The Agentic Red Team is a specialized, high-velocity unit within Google DeepMind Security. Our mission is to close the "Agentic Launch Gap"—the critical window where novel AI capabilities outpace traditional security reviews. Unlike traditional red teams that hand off reports and move on, we operate with extreme agility, embedding directly with product teams as both a consulting partner and an exploitation arm. We act as a "special forces" unit capable of jumping into high-priority launches, relying on Google Core for foundational system-level protections so we can focus exclusively on model and agent-layer risks.

The Role

As a Senior Security Engineer on the Agentic Red Team, you will be the primary technical executor of our adversarial engagements. You will work "in the room" with product builders, identifying architectural flaws during the design phase long before formal reviews begin.

Your core focus will be to perform complex, multi-turn attacks on production-level AI models, specifically targeting agentic behaviors like tool usage and reasoning chains. You will not only find vulnerabilities but also help close the loop by contributing to "Auto Red Teaming" frameworks and defensive strategies, ensuring that your findings are codified into reusable guardrails for all Google agent developers.

Key responsibilities:

  • Execute Agile Red Teaming: Conduct rapid, high-impact security assessments on agentic services, focusing on vulnerabilities unique to GenAI such as prompt injection, tool-use escalation, and autonomous lateral movement.
  • Develop Advanced Exploits: Engineer and execute complex attack sequences that exploit non-deterministic model behaviors, agentic logic errors, and data poisoning vectors.
  • Build Automated Defenses: Write code to transform manual vulnerability discoveries into automated regression testing frameworks ("Auto Red Teaming") that prevent regression in future model versions.
  • Embed with Product Teams: Partner directly with developers during the design and build phases to provide immediate feedback, effectively shortening the feedback loop between offensive findings and defensive engineering.
  • Curate Threat Intelligence: Maintain and expand a library of agent-specific attack patterns and exploit primitives to establish robust release criteria for new models.

About You

In order to set you up for success as a Software Engineer at Google DeepMind,  we look for the following skills and experience:

  • Bachelor's degree in Computer Science, Information Security, or equivalent practical experience.
  • Experience in Red Teaming, Offensive Security, or Adversarial Machine Learning.
  • Strong coding skills in Python, Go, or C++ with experience building security tools or automation.
  • Technical understanding of LLM architectures, agentic workflows (e.g., chain-of-thought reasoning), and common AI vulnerability classes.
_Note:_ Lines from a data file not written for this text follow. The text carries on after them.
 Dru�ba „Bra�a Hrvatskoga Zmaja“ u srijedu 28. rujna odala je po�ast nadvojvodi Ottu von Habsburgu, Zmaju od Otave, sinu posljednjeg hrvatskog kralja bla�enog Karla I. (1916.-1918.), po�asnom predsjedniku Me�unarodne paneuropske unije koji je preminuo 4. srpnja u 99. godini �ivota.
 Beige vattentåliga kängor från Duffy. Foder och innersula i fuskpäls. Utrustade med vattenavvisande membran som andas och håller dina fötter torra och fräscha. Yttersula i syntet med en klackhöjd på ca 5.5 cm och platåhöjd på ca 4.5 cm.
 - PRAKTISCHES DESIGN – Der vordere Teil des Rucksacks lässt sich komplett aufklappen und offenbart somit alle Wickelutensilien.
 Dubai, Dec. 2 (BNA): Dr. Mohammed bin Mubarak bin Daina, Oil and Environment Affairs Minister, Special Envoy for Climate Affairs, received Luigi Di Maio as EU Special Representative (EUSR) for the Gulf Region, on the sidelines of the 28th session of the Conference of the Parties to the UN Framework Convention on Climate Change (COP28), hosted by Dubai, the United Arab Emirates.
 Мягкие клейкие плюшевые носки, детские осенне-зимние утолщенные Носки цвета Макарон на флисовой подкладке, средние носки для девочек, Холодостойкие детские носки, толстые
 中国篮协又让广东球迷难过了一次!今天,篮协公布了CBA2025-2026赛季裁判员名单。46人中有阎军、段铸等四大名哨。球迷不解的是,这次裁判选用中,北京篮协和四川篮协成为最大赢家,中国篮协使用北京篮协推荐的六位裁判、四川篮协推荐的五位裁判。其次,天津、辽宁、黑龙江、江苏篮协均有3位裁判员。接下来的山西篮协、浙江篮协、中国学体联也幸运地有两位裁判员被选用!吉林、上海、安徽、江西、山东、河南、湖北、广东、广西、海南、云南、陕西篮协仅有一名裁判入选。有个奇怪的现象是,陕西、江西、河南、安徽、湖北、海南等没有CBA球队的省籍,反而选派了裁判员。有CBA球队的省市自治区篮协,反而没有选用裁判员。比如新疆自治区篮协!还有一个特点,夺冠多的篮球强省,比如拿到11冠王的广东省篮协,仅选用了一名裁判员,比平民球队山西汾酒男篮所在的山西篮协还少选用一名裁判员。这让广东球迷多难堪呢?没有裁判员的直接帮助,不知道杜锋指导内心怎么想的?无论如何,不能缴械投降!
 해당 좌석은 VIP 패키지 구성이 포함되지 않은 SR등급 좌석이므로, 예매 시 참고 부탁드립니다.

In addition, the following would be an advantage: 

  • Hands-on experience developing exploits for GenAI models (e.g., prompt injection, adversarial examples, training data extraction).
  • Experience working in a consulting capacity with product teams or in a fast-paced "startup-like" environment.
  • Familiarity with AI safety benchmarks, evaluation frameworks, and fuzzing techniques.
  • Ability to translate complex probabilistic risks into actionable engineering fixes for developers.
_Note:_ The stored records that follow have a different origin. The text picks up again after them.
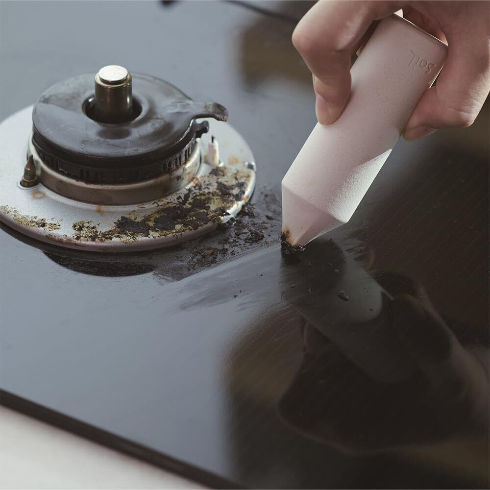 IHのガラストップにも使え、洗剤などを使用しなくても水に濡らして擦るだけで焦げ跡が取れます。油汚れに有効なクエン酸と珪藻土を中心とした、数種の研磨剤が頑固な汚れ、焦げ跡を綺麗に取り去ります。棒状で握り安く、使いやすい形状となっています。使用後は先端についた油汚れを洗剤などを付けて洗い、乾かして下さい。
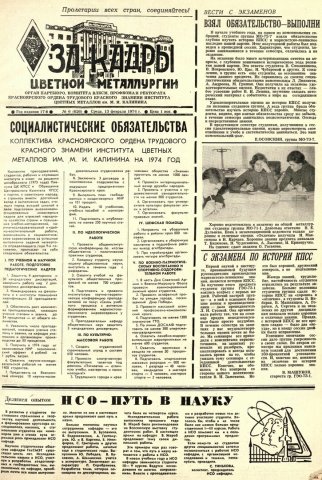 - Социалистические обязательства коллектива Красноярского ордена Трудового Красного Знамени института цветных металлов имени М. И. Калинина на 1974 год. — С. 1.
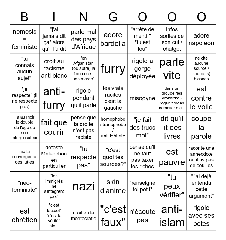This bingo card has a free space and 48 words: "renseigne toi petit", parle vite, "c'est faux", fait que courir, rigole pendant qu'il parle, coupe la parole, "j'ai jamais dit ça" alors qu'il l'a dit, "c'est factuel" "c'est la vérité" etc..., infos sorties de son cul / chatgpt, "c'est quoi tes sources?", adore napoleon, adore bardella, dans un groupe "les droitards" - "dgsi" "jordan bardella" etc..., misogyne, "neo-feministe", dit qu'il lit des livres, "tu connais aucun sujet", ne cite aucune source / source(s) biasées, "tu peux vérifier", "arrête de mentir" "tu est fou", rigole a gorge déployée, pense que la droite n'est pas raciste, nemesis = feministe, croit au racisme anti blanc, "j'ai déjà entendu cette argument", "en Afganistan (ou autre) la femme est une merde", est contre le voile, est chrétien, les vrais racites c'est la gauche, anti-furry, anti-islam, "je fait des trucs moi", raconte une annecdote ou il as pas de couilles, "les immigrés ne s'integrent pas", il a au moin le double de l'age de son interglocuteur, pense qu'il ne faut pas taxer les riches, est pauvre, "je respecte" (il ne respecte pas), "tu respecte pas", nazi, nie la convergence des luttes, rigole avec ses potes, parle mal des pays d'Afrique, croit en la méritocratie, furry, skin d'anime, déteste Mélenchon en particulier and n'écoute pas.

The US base salary range for this full-time position is between $166,000 - $244,000 + bonus + equity + benefits. Your recruiter can share more about the specific salary range for your targeted location during the hiring process.
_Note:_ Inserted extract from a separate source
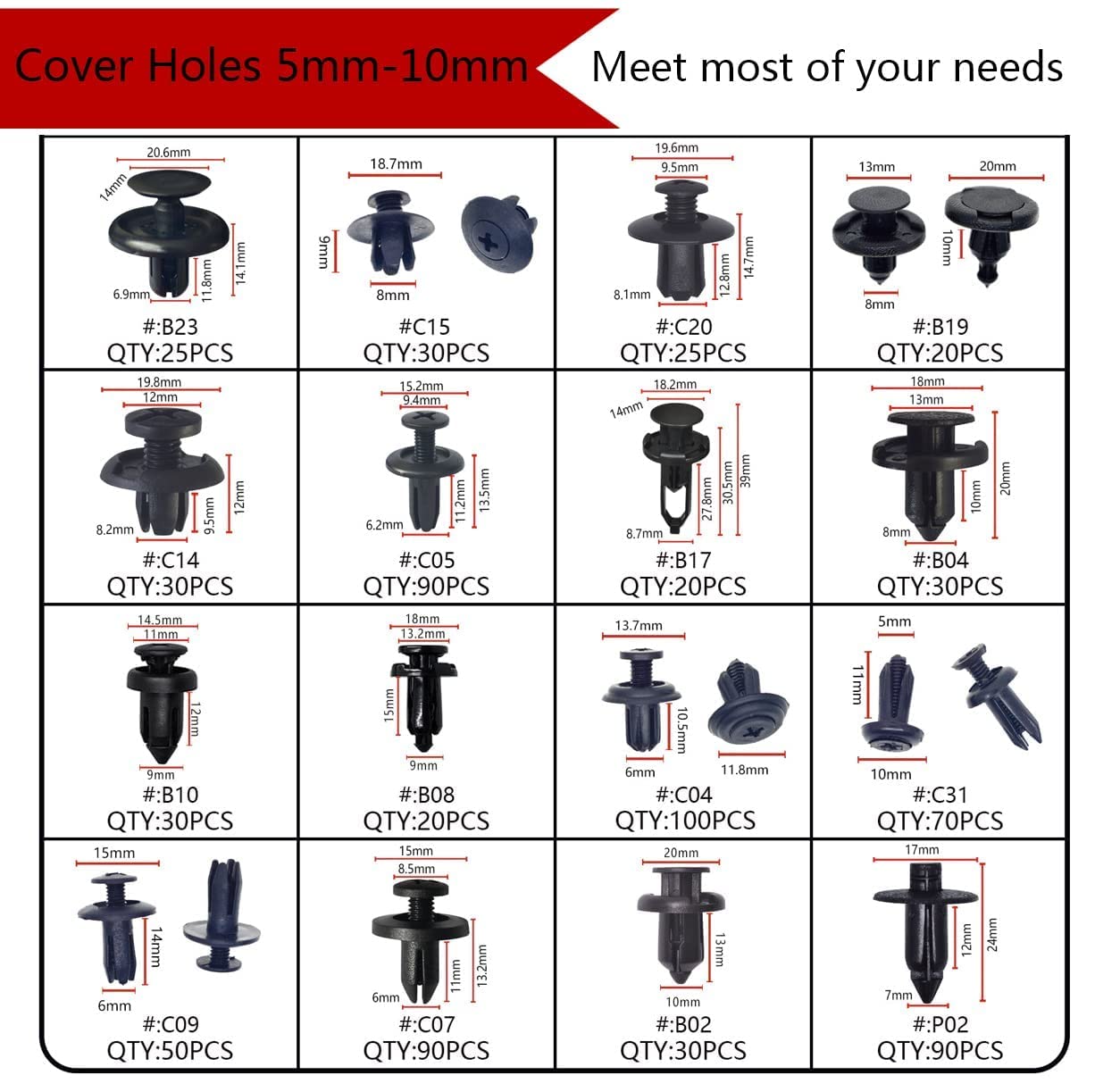 Q: What sizes of push pins are included in the Car Push Retainer Clips kit?A: The Car Push Retainer Clips kit includes 16 of the most popular sizes, covering hole sizes from 5mm to 10mm, including 6mm, 6.2mm, 6.25mm, 7mm, 7.8mm, 8mm, and 9mm.

At Google DeepMind, we value diversity of experience, knowledge, backgrounds and perspectives and harness these qualities to create extraordinary impact. We are committed to equal employment opportunity regardless of sex, race, religion or belief, ethnic or national origin, disability, age, citizenship, marital, domestic or civil partnership status, sexual orientation, gender identity, pregnancy, or related condition (including breastfeeding) or any other basis as protected by applicable law. If you have a disability or additional need that requires accommodation, please do not hesitate to let us know.